I would appreciate a more thorough response rather than the elitist, cut-paste, 'let me google that for you' one. 

I've done the googleing, aparently, my problem is rather unique. 

If I missed the previous google post, I apologize, but yes, I did spend several hours looking for this. 

Thanks,


----------



## Wuzzat?

Jesus.  



Your cooler is the least of your worries.
http://en.wikipedia.org/wiki/Anger_management
I'm sure your conduct feels perfectly normal to you 
[ame]http://www.google.com/search?client=safari&rls=en&q=define:+%22ego+syntonic%22&ie=UTF-8&oe=UTF-8[/ame]

but looking in DSM-IV-TR might do you good anyway.

And see how high you land on this scale
http://www.bsu.edu/csh/ssrc/media/pdf/gafpage.pdf
but don't tell me your score.  Tell it to someone who is still interested in helping you.


----------



## oldognewtrick

Wuzzat, dang man, do we need to send you to internet sensitivity training? I can't believe you didn't know the OP has spent hours on line, researching already?

Shelbydz, you'll get a lot more help around here with a little attitude adjustment than just bashing someone who took time out of their day to respond to your problem.

Hope it all works out for ya.


----------



## inspectorD

Somebody call the sheriff?? Alright folks, let me handle this...

My opinion? The pads are junk that you just bought, read this article as it is the best one I could find that you may understand....without it bein my obtuse "googled" opinion. Sorry, sometimes I am a jerk, but I apologize.

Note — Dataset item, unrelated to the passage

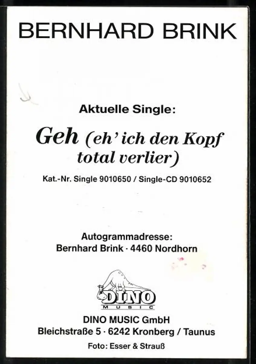AK Musiker Bernhard Brink in Lederjacke, Autograph
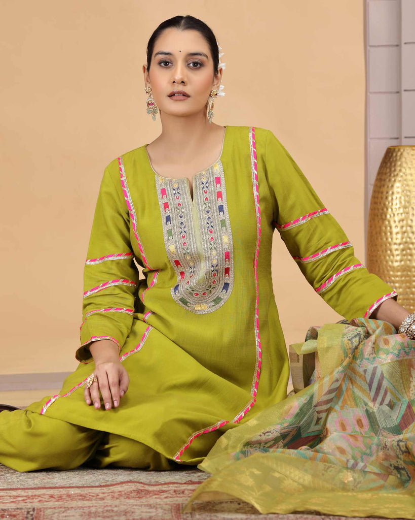 This meticulously crafted green chiffon ensemble represents a masterclass in traditional Indian tailoring executed in ready-to-wear form. The A-line style kameez features comprehensive gota patti and lace work on front and sleeve terminations, with zari and thread embroidery framing the neckline—a technique that creates dimensional luminosity while maintaining structural integrity. The coordinated pant silhouette provides contemporary balance to the ornate upper piece, while the chanderi jacquard dupatta introduces textural sophistication through its printed motif. Engineered for immediate wear at weddings, festive celebrations, and formal occasions, this three-piece collection synthesizes heritage embellishment methodologies with modern construction standards, delivering authentic ethnic refinement for discerning patrons who prioritize quality and design coherence.

Best Swamp Cooler/Evaporative Cooler PADS

Ya get what ya pay for round here...........


----------



## SJNServices

Make sure the the holes on "grates" where the water drains down to the pads are clear. Also, If you live in an area with high humidity a swamp cooler just wont work well no matter what.


----------



## tomstruble

should have brought a new swamp cooler...whatever that is


----------



## Wuzzat?

tomstruble said:


> should have brought a new swamp cooler...whatever that is


Evaporative cooler - Wikipedia, the free encyclopedia


----------



## SJNServices

BTW. Where is the cooler located? In order to work right an evaporative cooler needs to pull in air from outside through the cooler pads and have at least a window or a door in the house open to allow the air out. Basically, if you just park it in the middle of the living room you're just going to turn your living room into a steam bath. Trust me, I live in the High Desert, every damn place has one. I work on about a dozen a year without trying. Beer helps. :beer:


----------



## Tzaliah

Check the condensor coil. Alot of times when the coil goes bad, the unit will still run, but it will only blow hot air because it's not cooling anything off..


----------



## Renilouise

I have the same problem. We put in the same pads that we did last year and it worked great. But now, What the heck?
I already know now what is wrong. If the humidity is high outside, the swamp cooler cannot cool well. Also the sun has to beat on the sides to help the water in the pads evaporate. It is never humid here which is why they always worked before. But now, weirdly, its a sauna outdoors. Hot and humid so the swamp cooler is not blowing cold air. This off the wall humid heat is the only difference that could be affecting my swamp cooler.


----------



## Renilouise

Tzaliah said:


> Check the condensor coil. Alot of times when the coil goes bad, the unit will still run, but it will only blow hot air because it's not cooling anything off..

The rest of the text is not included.